Q&A: Oleksiy Matsuka on the failed launch of a new Ukraine - Macleans.ca
 

Q&A: Oleksiy Matsuka on the failed launch of a new Ukraine

The investigative journalist talks about the future of the Donbass region, the need for reform, and why Petro Poroshenko isn’t the answer


 
Oleksiy Matsuka. (Photo by Ginger Shewell)

Oleksiy Matsuka. (Photo by Ginger Shewell)
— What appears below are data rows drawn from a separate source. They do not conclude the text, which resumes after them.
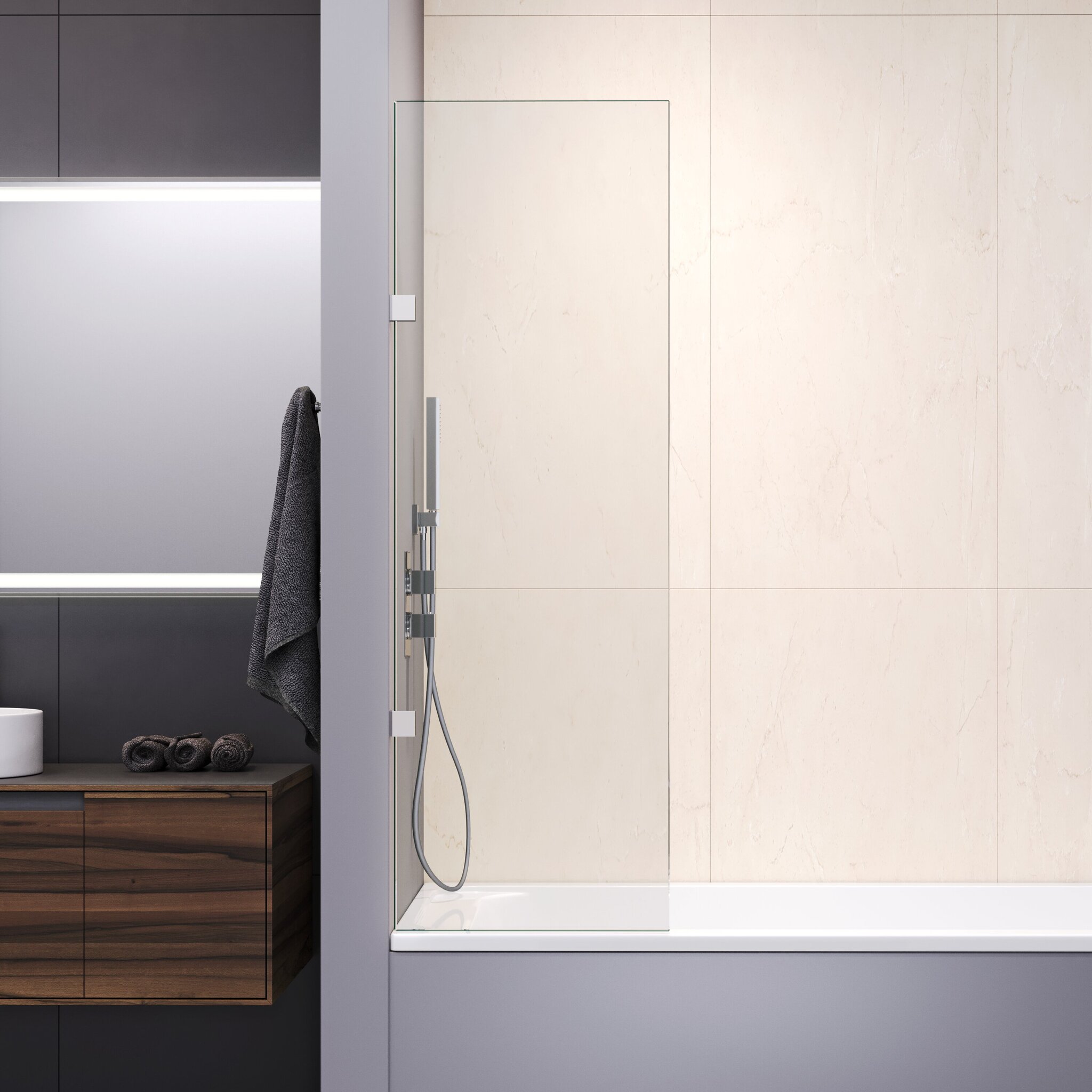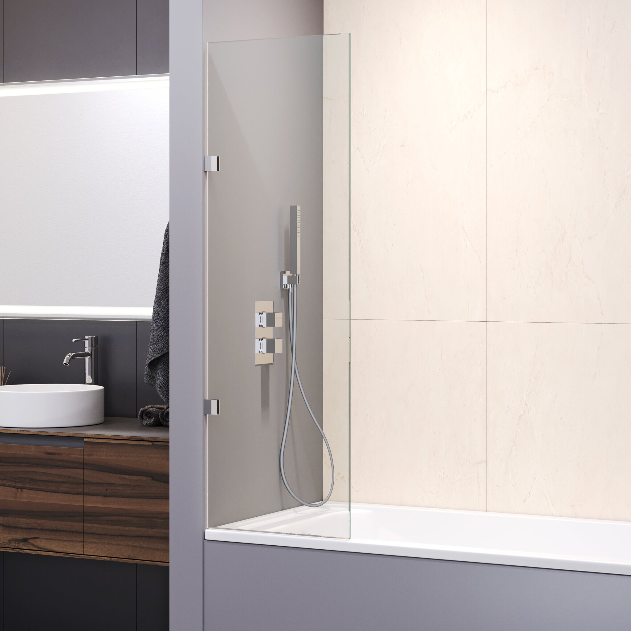 Стекло, использованное в этой модели, прозрачное, что добавляет еще больше легкости и простора в вашу ванную комнату. Стекло не только красивое, но и функциональное: покрытие Easy Clean облегчает уход за поверхностью, предотвращая скопление пыли и грязи. Это особенно удобно для тех, кто не любит тратить время на уборку в ванной.
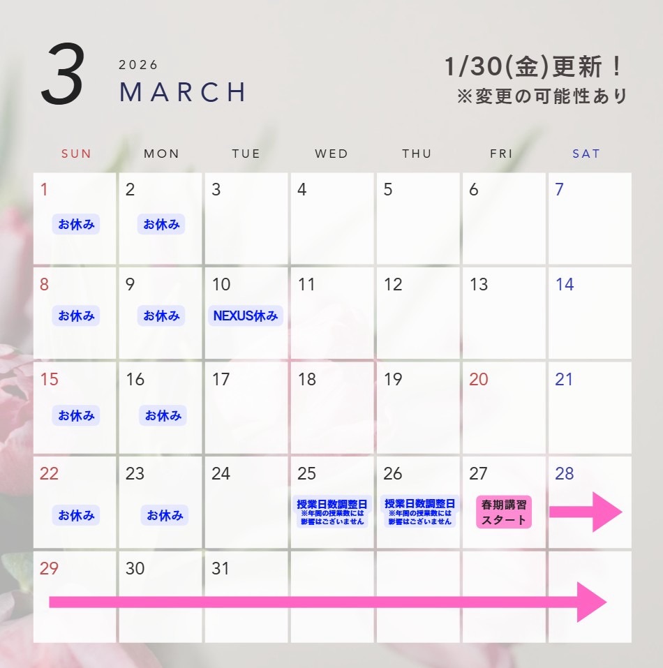 27日(金)~ 春期講習スタート!(詳細は後日お知らせします。)
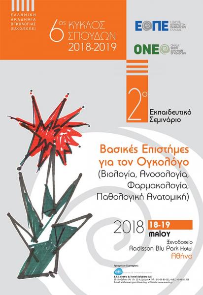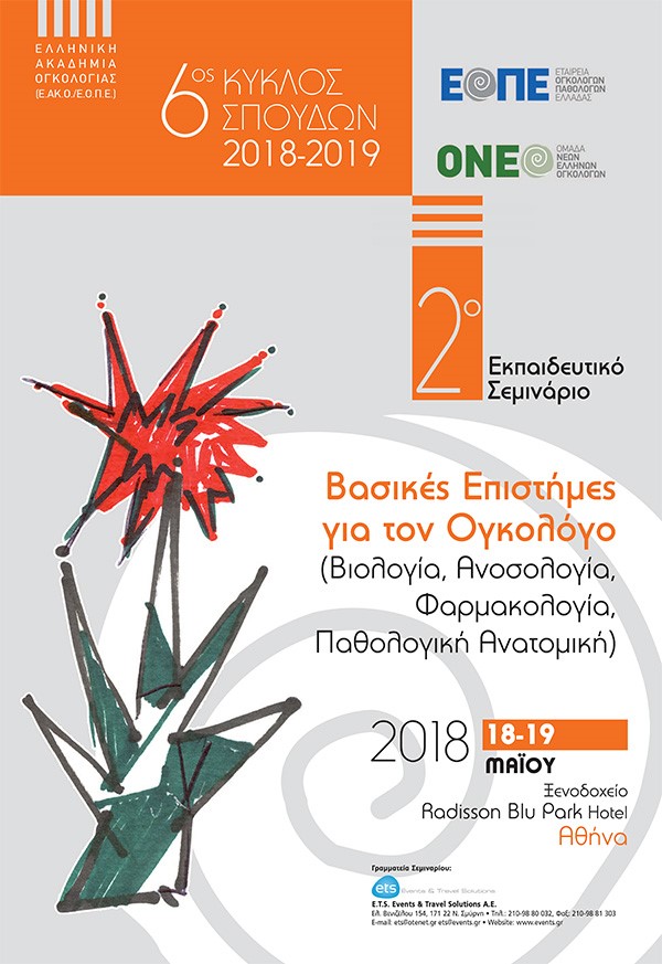 Πραγματοποιήθηκε στο Ξενοδοχείο Radisson Blu Park Hotel από 19 Μαΐου 2018 το 2ο σεμινάριο του 6ου Κύκλου Σπουδών της Ελληνικής Ακαδημίας Ογκολογίας (Ε.ΑΚ.Ο) αφιερωμένο στις βασικές γνώσεις βιολογίας, ανοσολογίας, παθολογικής ανατομικής και φαρμακολογίας, που πρέπει να κατέχει ο παθολόγος-ογκολόγος για την κατανόηση της ασθένειας, αλλά και για την επιλογή της κατάλληλης θεραπείας στην καθημερινή κλινική πράξη.
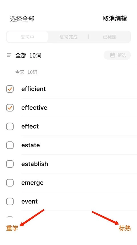 4、将下方单词进行勾选,选择“重学”或者“标熟”,
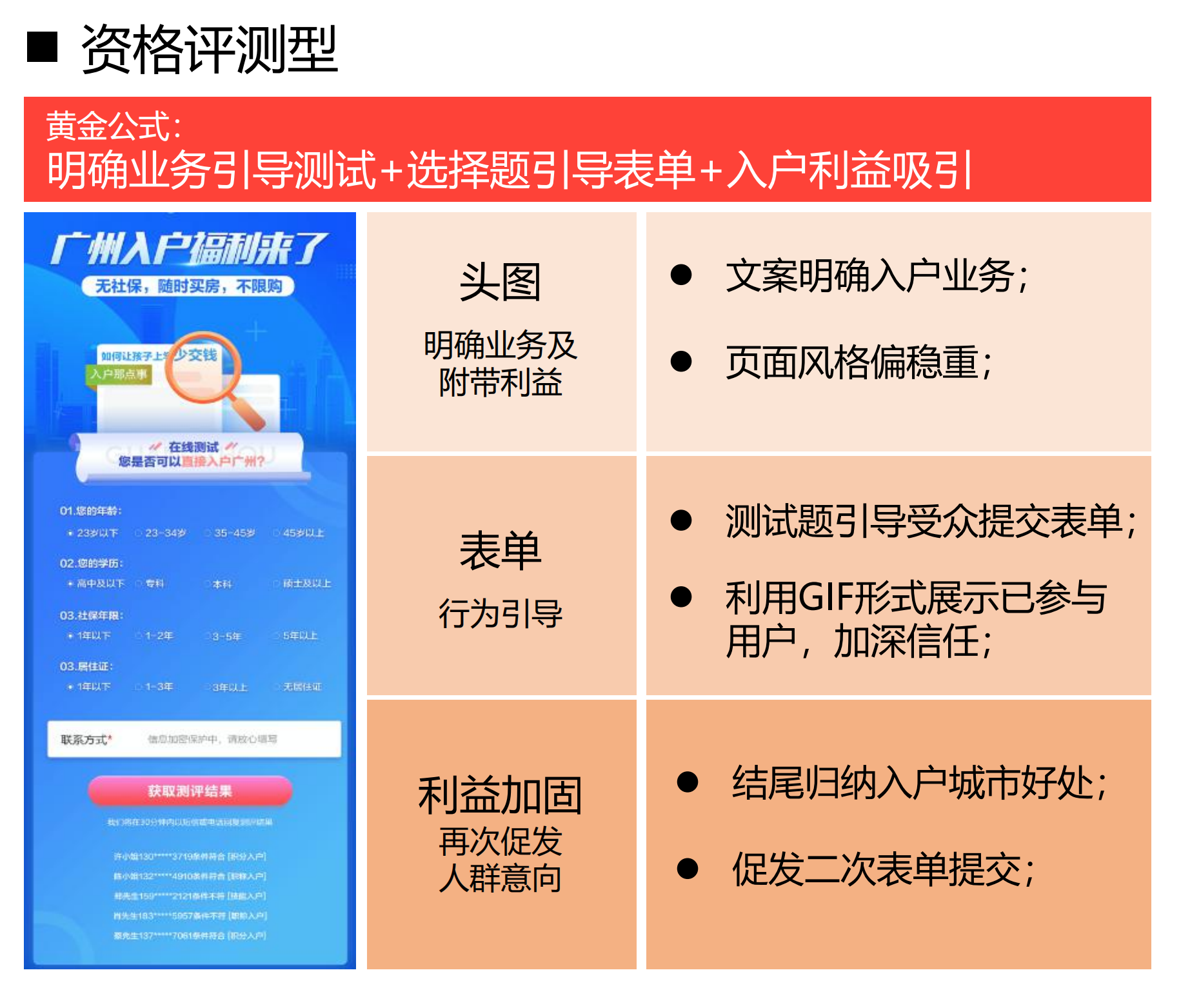 黄金公式:明确业务引导测试+选择题引导表单+入户利益吸引
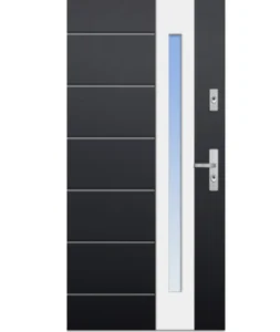 Wariant Juka 2 należy do subserii z szeroką, dekoracyjną poprzeczką na poziomie klamki, przeszkleniem powyżej i wypełnieniem litym poniżej.

While the West has been distracted by headlines about Russia’s incursion into Ukraine and its annexation of Crimea, it can be easy for us to forget that Ukraine is actually fighting a multi-front war, with its own deep-rooted domestic concerns, from political corruption and the influence of the oligarchy in its political sphere, to profound economic disparity and supply problems with energy. Investigative journalist Oleksiy Matsuka hasn’t forgotten: First, as a reporter/editor with the news site Novosti Donbassa, then later with Donetskaya Pravda, he has been exposing corruption and abuses of authority in the country. It is dangerous work. In 2011, his apartment was set ablaze after he published stories about the embezzlement of public funds. Terrifyingly, the perpetrator left a funeral wreath. In April, his car was set on fire. But his reportage continued.

Maclean’s spoke to Matsuka through a translator while he was in Toronto for the Canadian Journalists for Free Expression’s annual gala, where he was recognized on Dec. 3 for his work with an International Press Freedom Award.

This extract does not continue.